_EXERCISE INSTRUCTIONS:_ What you write should match, word for word, the lines from the one containing "Sexy underwear, antique" through the end of the data, with no pictures.

-- THE DATA follows --

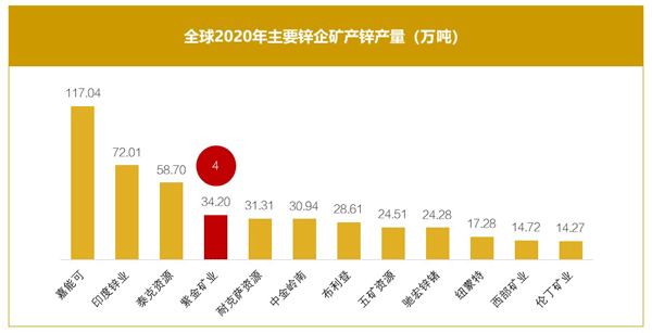 乐鱼官方网站-乐鱼leyu(中国)锌资源总量超过1000万吨,位居全球主要上市锌企第6位;2020年公司矿产锌34万吨、位居全球第4位;2021年前三季度,公司矿产锌29万吨、同比增长17%,冶炼产锌23万吨、同比增长49%。目前,锌板块规模约占公司总资产的9%、总营收的4.5%。
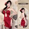Sexy underwear, antique peony embroidery flag neck robe, bright red bride lace-up hollow nightdress, uniform temptation
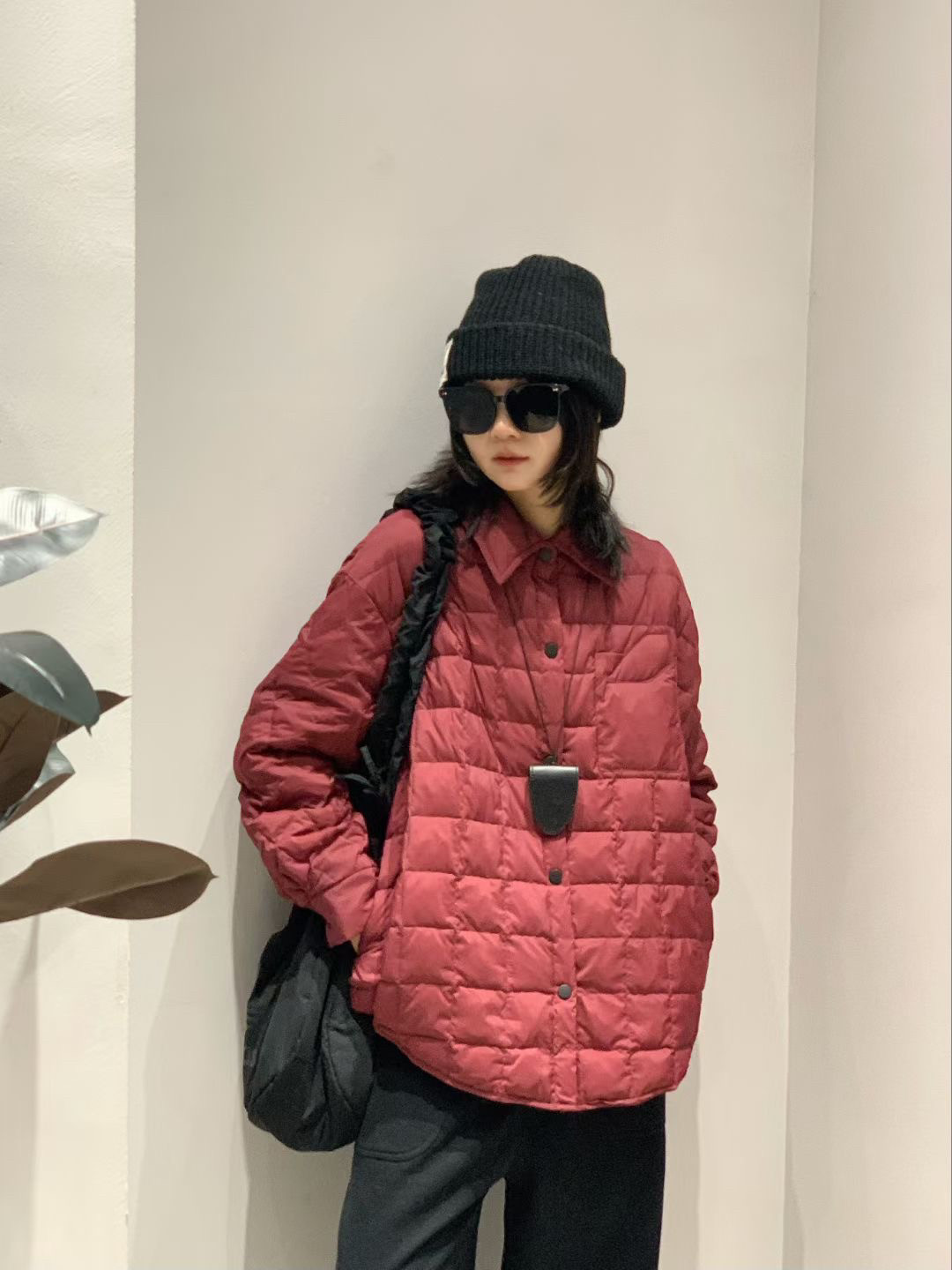 2025秋冬新款轻薄排骨衬衫领羽绒服女中长款宽松廓形90白鸭绒外套

-- THE DATA concluded --

_RESULT FOR THIS TASK:_
Sexy underwear, antique peony embroidery flag neck robe, bright red bride lace-up hollow nightdress, uniform temptation
 2025秋冬新款轻薄排骨衬衫领羽绒服女中长款宽松廓形90白鸭绒外套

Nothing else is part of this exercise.